Of the original variables, income composition of resources and Schooling have the highest correlation with Life Expectancy, while Adult Mortality has the strongest negative correlation. Of the transformed variables, HIV/AIDS has a strong negative correlation and income composition of resources boxcox has an even stronger correlation.

In [None]:
#Drop variables having weak correlation with life expectancy
life= life.drop(columns={'infant deaths', 'Hepatitis B', 'Measles', 'Measles_log', 'Diphtheria',
                         'hepatitis_b_boxcox', 'under-five deaths', 'Population', 
                         'Total expenditure', 'Developing', 'total_expenditure_boxcox', 'BMI',
                        'thinness 10-19 years', 'thinness 5-9 years', 'percentage expenditure',
                        'GDP', 'Alcohol', 'Income composition of resources', 'Schooling', 'schooling_boxcox'})

In [None]:
#Standardize variables for PCA
life2= life.copy()
life2= life2.drop(columns={'Year', 'Country', 'Status'})

In [None]:
X=StandardScaler().fit_transform(life2)
Xt=X.T
Cx=np.cov(Xt)

In [None]:
eig_val_cov, eig_vec_cov= np.linalg.eig(Cx)

In [None]:
plt.plot(eig_val_cov)
plt.title('Scree plot of Eigenvalues')
plt.show()
print(list(eig_val_cov))

The >1 rule and scree plot dictate we should keep 1 component.

In [None]:
#PCA time
sklearn_pca = PCA(n_components=1)
life2["pca_1"] = sklearn_pca.fit_transform(X)
life2["pca_1"]

In [None]:
#Examine 
print('The percentage of variance explained by each component in the PCA:', 
     list(eig_val_cov/sum(eig_val_cov)*100))

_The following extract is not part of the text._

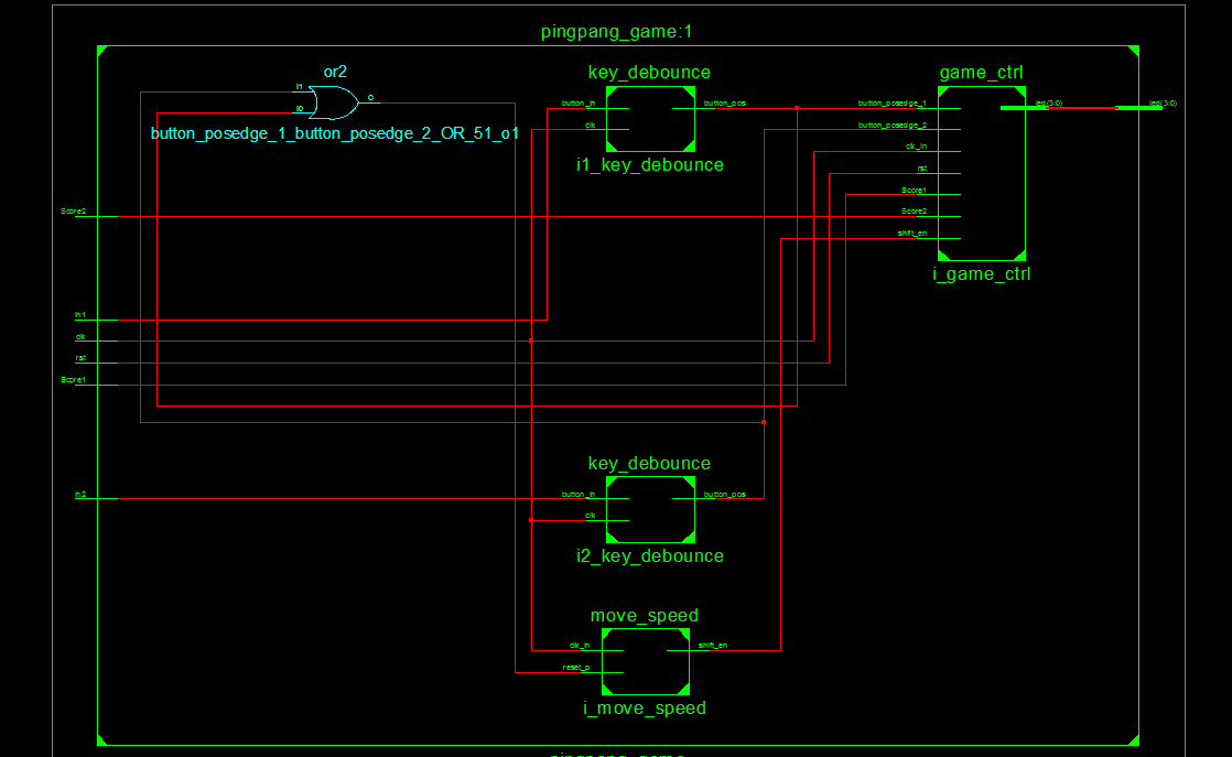 ①clk为系统时钟,在代码中需要进行分频,根据合适的分频系数从而调节乒乓球的运动快慢;rst为异步复位信号,可清除当前的比分;inl和in2分别为两个选手的击球按钮。 scorel和sore2分别为显示各自当前分数的按键,当按下任意一个时,led[3:0]显示相对应选手的分数

lst_eig_val_pcts= list(eig_val_cov/sum(eig_val_cov)*100)

print('The first component holds {} percent of the dataset variance.'.format(int(sum(lst_eig_val_pcts[:1]))))

In [None]:
life2[['Life expectancy', 'pca_1']].corr()

The PCA generated has a correlation coefficient lower than -.8, so this may be unstable in future principal component estimations.

_In the feature engineering step, you need to select a suite of variables that you think would be ideal in the modeling phase. More concretely, you may discard some variables that are very correlated with the other ones or the variables that you think irrelevant with the life expectancy._

In [None]:
print('These variables have a strong relationship with life expectancy, and will be best utilized in the modeling phase: \n {}'.format(list(life2.columns[:-1])))

_Summarize your findings. One of the most important skills of a data scientist is to convey ideas and findings to nontechnical people using understandable language. In this regard, one of the most effective ways to communicate your ideas is to do it using effective visualization._

In [None]:
#Checking updated heatmap
plt.figure(figsize=(30, 30))

life_corrmat= life.corr()

sns.heatmap(life_corrmat, square=True, annot=True, linewidth=1)

This heatmap shows the correlation of the remaining variables to our target variable: Life expectancy. A score further away from 0 predicts a stronger correlation. HIV/AIDS and Income composition of resources appear to have the strongest correlation with life expectancy, so as rates of HIV/AIDS increase, life expectancy decreases, and as income composition of resources increase, as do life expectancies. Note that no values >0.8 or < -0.8 are remaining, as they will interfere with the next phases of modeling.